▶ Dataset content:

━━━━━━━━━━━━━━━━━━━━━━━━━━━━━━

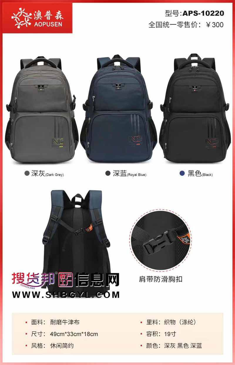 本网页所展示的有关【书包儿童小学一二三到六年级英伦风小学生护脊减负男儿童背包批发APS-10220】的信息/图片/参数等由的会员【湖南省阳光箱包有限公司】提供,由搜货邦会员【湖南省阳光箱包有限公司 】自行对信息/图片/参数等的真实性、准确性和合法性负责,本平台(本网站)仅提供展示服务,请谨慎交易,因交易而产生的法律关系及法律纠纷由您自行协商解决,本平台(本网站)对此不承担任何责任。您在本网页可以浏览【书包儿童小学一二三到六年级英伦风小学生护脊减负男儿童背包批发APS-10220】有关的信息/图片/价格等及提供【书包儿童小学一二三到六年级英伦风小学生护脊减负男儿童背包批发APS-10220】的商家公司简介、联系方式等信息。
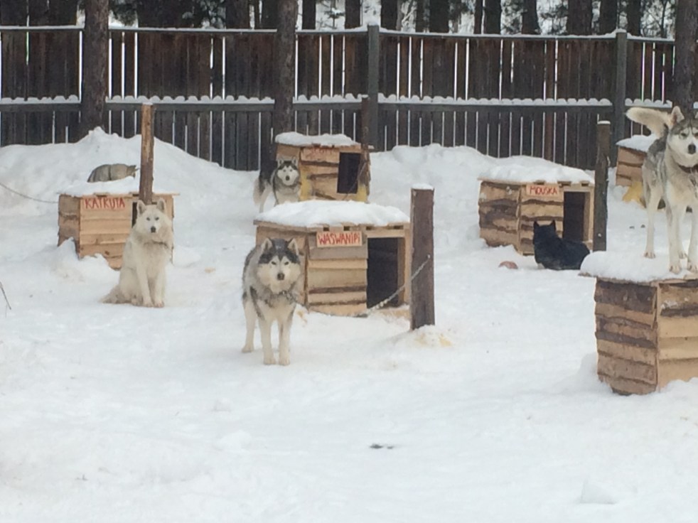 O instrutor nos levou no canil, cheio de huskies siberianos de todas as cores e idades, um mais lindo que o outro. Também há alguns vira latas no meio porque são muito fortes e ajudam a puxar o trenó. Muitos desses cães estavam abandonados e foram resgatados e tratados.
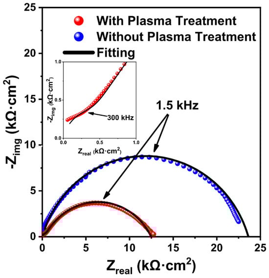 Nyquist plot of the LLZTO pellet measured in a pouch cell observed after 2 days of ambient air exposure and after open-air plasma treatment for 20 min.
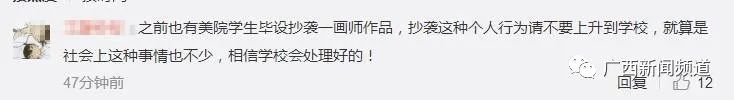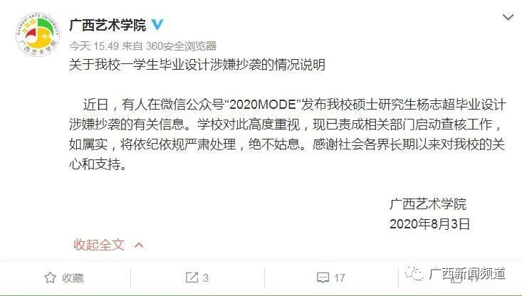今天(3日) 广西艺术学院官方微博发布情况说明 该校一位硕士研究生毕业设计涉嫌抄袭 现已责成相关部门启动查核工作 关于我校一学生毕业设计涉嫌抄袭的情况说明 近日,有人在微信公众号“2020MODE”发布我校硕士研究生杨志超毕业设计涉嫌抄袭的有关信息。学校对此高度重视,现已责成相关部门启动查核工作,如属实,将依纪依规严肃处理,绝不姑息。感谢社会各界长期以来对我校的关心和支持。 广西艺术学院 2020年8月3日 官方微博截图

━━━━━━━━━━━━━━━━━━━━━━━━━━━━━━

▶ How to complete this task: Beginning with the line that contains "Nyquist plot of" and ending with the last line of the data, restate each line word for word. Exclude the pictures.

▶ Expected output:
 Nyquist plot of the LLZTO pellet measured in a pouch cell observed after 2 days of ambient air exposure and after open-air plasma treatment for 20 min.
今天(3日) 广西艺术学院官方微博发布情况说明 该校一位硕士研究生毕业设计涉嫌抄袭 现已责成相关部门启动查核工作 关于我校一学生毕业设计涉嫌抄袭的情况说明 近日,有人在微信公众号“2020MODE”发布我校硕士研究生杨志超毕业设计涉嫌抄袭的有关信息。学校对此高度重视,现已责成相关部门启动查核工作,如属实,将依纪依规严肃处理,绝不姑息。感谢社会各界长期以来对我校的关心和支持。 广西艺术学院 2020年8月3日 官方微博截图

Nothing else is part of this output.